#### [GOAL OF THE EXERCISE]
Each line of data below must be printed exactly as written, with any pictures removed.

#### [STORED DATA]
◇ ◇ ◇ ◇

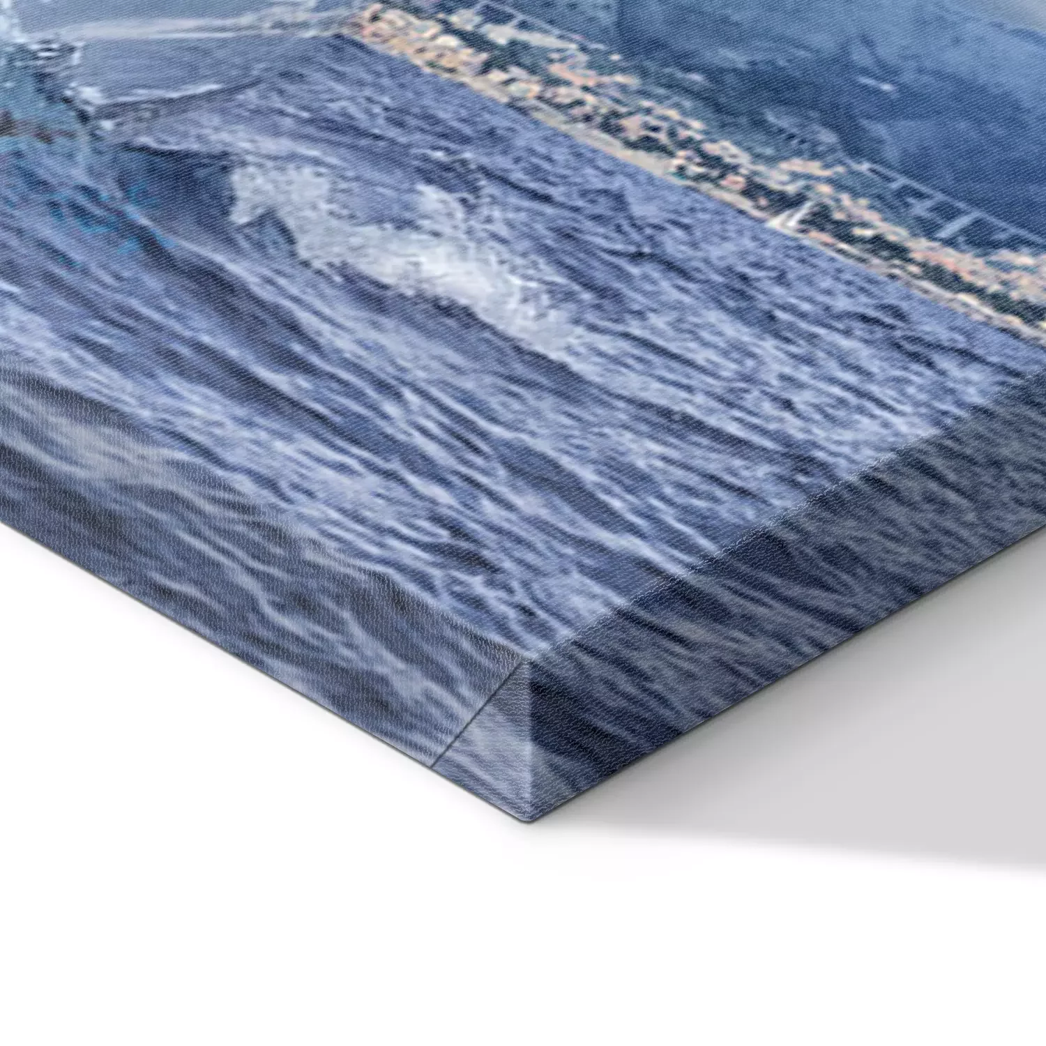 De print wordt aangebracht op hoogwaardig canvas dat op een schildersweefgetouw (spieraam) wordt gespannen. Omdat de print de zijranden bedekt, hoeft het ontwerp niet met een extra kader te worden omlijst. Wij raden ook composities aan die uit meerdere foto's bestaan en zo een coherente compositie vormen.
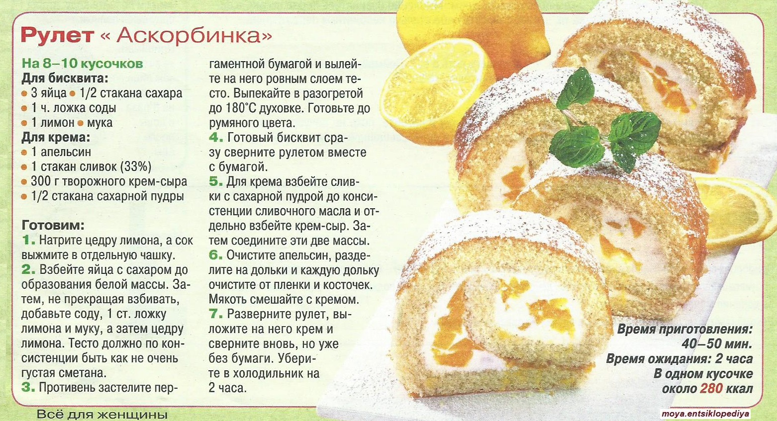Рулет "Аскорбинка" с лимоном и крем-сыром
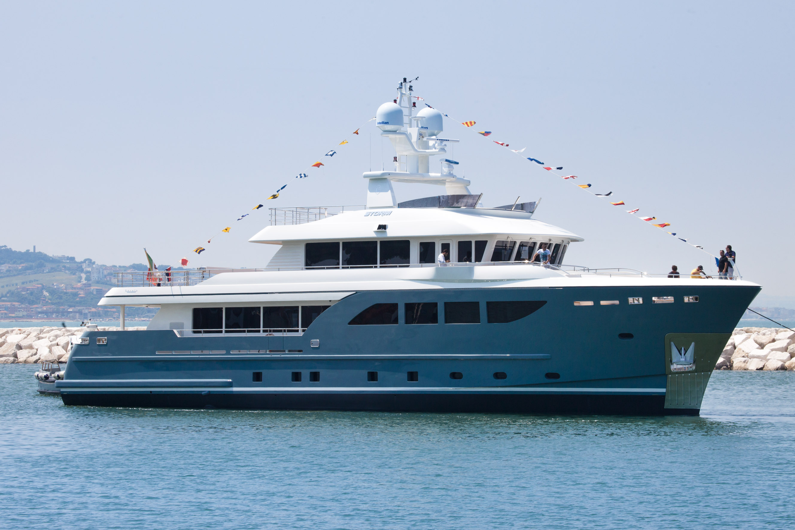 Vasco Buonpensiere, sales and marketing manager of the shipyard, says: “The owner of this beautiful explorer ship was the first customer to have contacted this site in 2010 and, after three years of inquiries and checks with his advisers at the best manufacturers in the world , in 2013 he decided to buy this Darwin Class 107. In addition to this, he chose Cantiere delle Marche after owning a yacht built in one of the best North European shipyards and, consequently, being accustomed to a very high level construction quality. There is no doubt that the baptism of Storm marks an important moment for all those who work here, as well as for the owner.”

◇ ◇ ◇ ◇

#### [SOLVED PROBLEM]
 De print wordt aangebracht op hoogwaardig canvas dat op een schildersweefgetouw (spieraam) wordt gespannen. Omdat de print de zijranden bedekt, hoeft het ontwerp niet met een extra kader te worden omlijst. Wij raden ook composities aan die uit meerdere foto's bestaan en zo een coherente compositie vormen.
Рулет "Аскорбинка" с лимоном и крем-сыром
 Vasco Buonpensiere, sales and marketing manager of the shipyard, says: “The owner of this beautiful explorer ship was the first customer to have contacted this site in 2010 and, after three years of inquiries and checks with his advisers at the best manufacturers in the world , in 2013 he decided to buy this Darwin Class 107. In addition to this, he chose Cantiere delle Marche after owning a yacht built in one of the best North European shipyards and, consequently, being accustomed to a very high level construction quality. There is no doubt that the baptism of Storm marks an important moment for all those who work here, as well as for the owner.”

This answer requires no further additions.